Tourism on Mirabel was rampant all months now, not just winters, when travellers arrived from the north. With the spike in vacationers came the hike in traffic.

A few hours after the Buttercup shift finished, Angel would walk the twenty minutes to his next job - traffic conducting in front of Billy’s Shopping Pavilion. It was the most congested intersection on the island. Everyone flocked to Billy’s - small restaurants, souvenir shops, and an overpriced grocery store. Out front in massive black iron cages were ten tropical birds with names like Mr. Handsome, and Wild-Rose.

He’d hit the Spoonbill in the evening if Alma didn’t mind. A few beers and a small meal. He never chatted with the bar staff. But they always had a joke for the regulars. The later it was, the dirtier, and not very funny. You heard about the guy who couldn’t find his moral compass? He got lost following his dick around the world.

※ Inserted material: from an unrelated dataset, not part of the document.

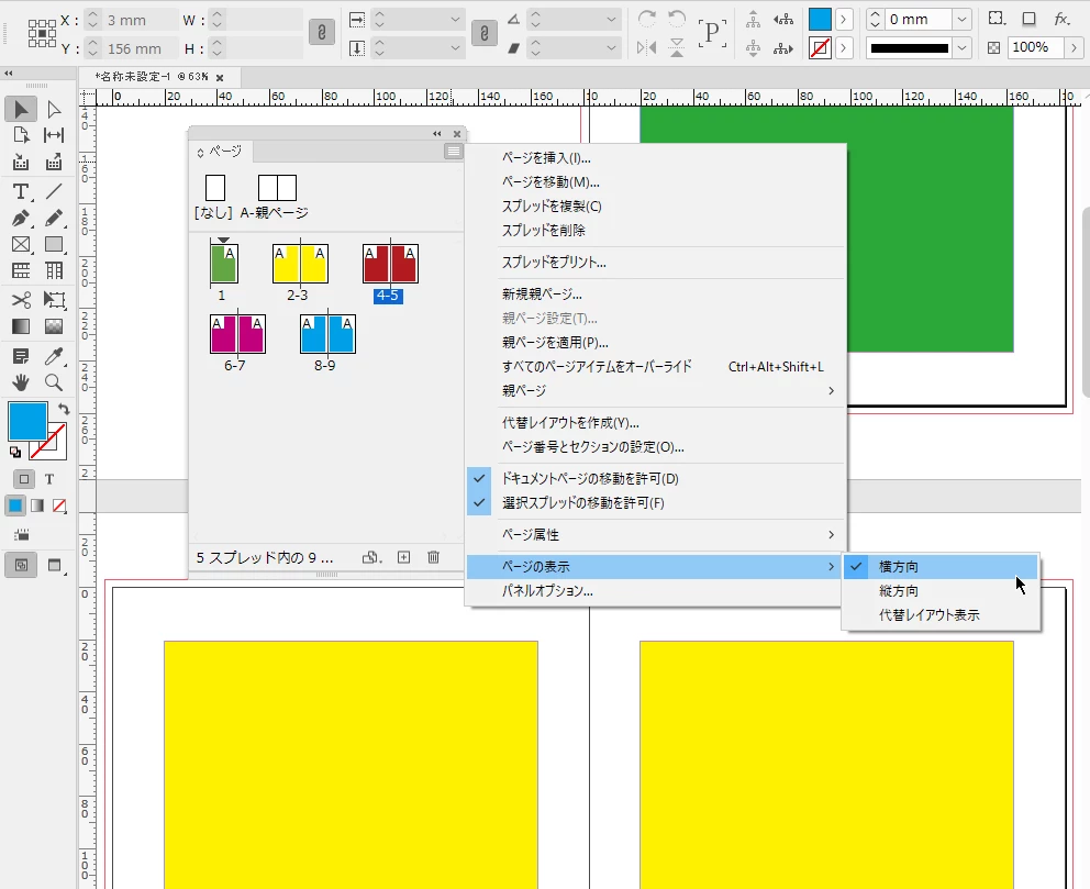 ページパネルのハンバーガーメニューからですね。縦か横かは選べると思います(画像は2022 v17.4.2 / Win10)。

At least once a week, some tourist at the bar would ask about his ‘Mexican heritage’. Angel would smile politely, shake his head, then avert his gaze to end the discussion. Always a disappointment in their eyes, a tight smile to hide their embarrassment. Angel knew tourists, disoriented and out of their element. The last thing they wanted was to be corrected, especially if they were wrong, and drunk.
Friday evening, two men from Atlanta came in, sunburned voices drawled out from drinking in the heat, the bodies of lapsed athletes.

Hey buddy. You like Corona, right? I heard it’s recycled toilet water, an’ the limes ain’t for flavour, they’re like the disinfectant, right?

Angel’s eyes were heavy from the fourth beer and late hour. But he couldn’t avoid it.

Something split inside him. Eyes wide, he leaned forward and smoothed over his moustache.

“Don’ know, senior. I theenk you meebee right about tha’ Corona, senior.”

“What the hell you doin’ in Florida, Pedro?” asked the other.

“Landscaping senior, gardening. Paying for my Madre. She ees seeck.”

“Shoot. Sorry to hear it pal.”

“Say, you like the tequila, Pedro? What’s the best kind, in Florida?”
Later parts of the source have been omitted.